While there are some feminists who do consider class in their analysis, such as Gloria Jean Watkins who goes by the pen name bell hooks, the analysis is weak. It does not speak of eradicating the class system but rather ensuring that women, irrespective of class, have better lives, which they consider possible through reforms.
“All over this nation individual feminists with class power who support a revolutionary vision of social change share resources and use our power to aid reforms that will improve the lives of women irrespective of class.” (Feminism is for Everybody by bell hooks).
In other words, those who make it to the top of the “ladder of success” should share with those who are at the bottom. But as Assata Shakur says in her autobiography, “Anytime you’re talking about a ladder, you’re talking about a top and a bottom, an upper class and a lower class, a rich class and a poor class.”

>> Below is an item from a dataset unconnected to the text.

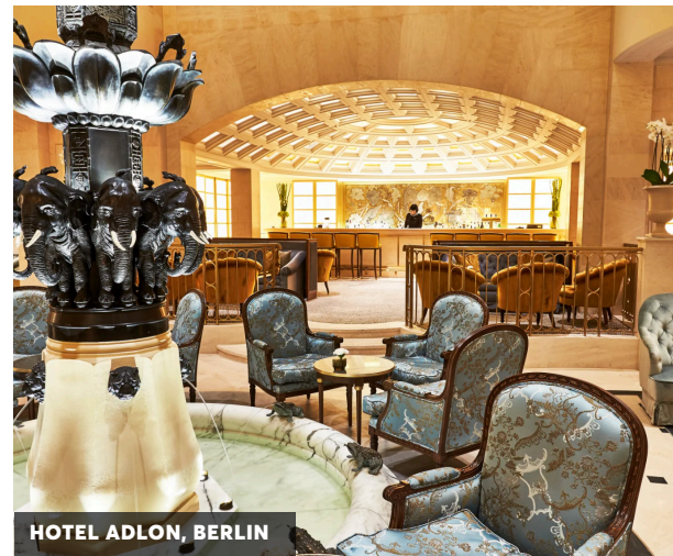
HOTEL ADLON, BERLIN

Feminism doesn’t want to remove the ladder; only make room for more women to climb it. Communism, on the other hand, seeks to smash it.
And, we will smash all aspects of sexism as it plays out on a systemic level as well as its appearance in our personal relationships. However, for us to root out sexism entirely from our lives and our society, we must reckon with the primary contradiction of capitalism: workers cannot be fully paid for the value of their labor.
The fight against sexism cannot be fought outside of class lines. With the abolishment of class, and with fierce struggle, sexism will slowly wither away in all of its manifestations. We struggle with ourselves, our comrades, and friends to eliminate sexist beliefs and practices on an individual level. Primarily, our fight against sexism must be at the point of ideological and material production: in schools and in all sectors of labor, including unpaid work.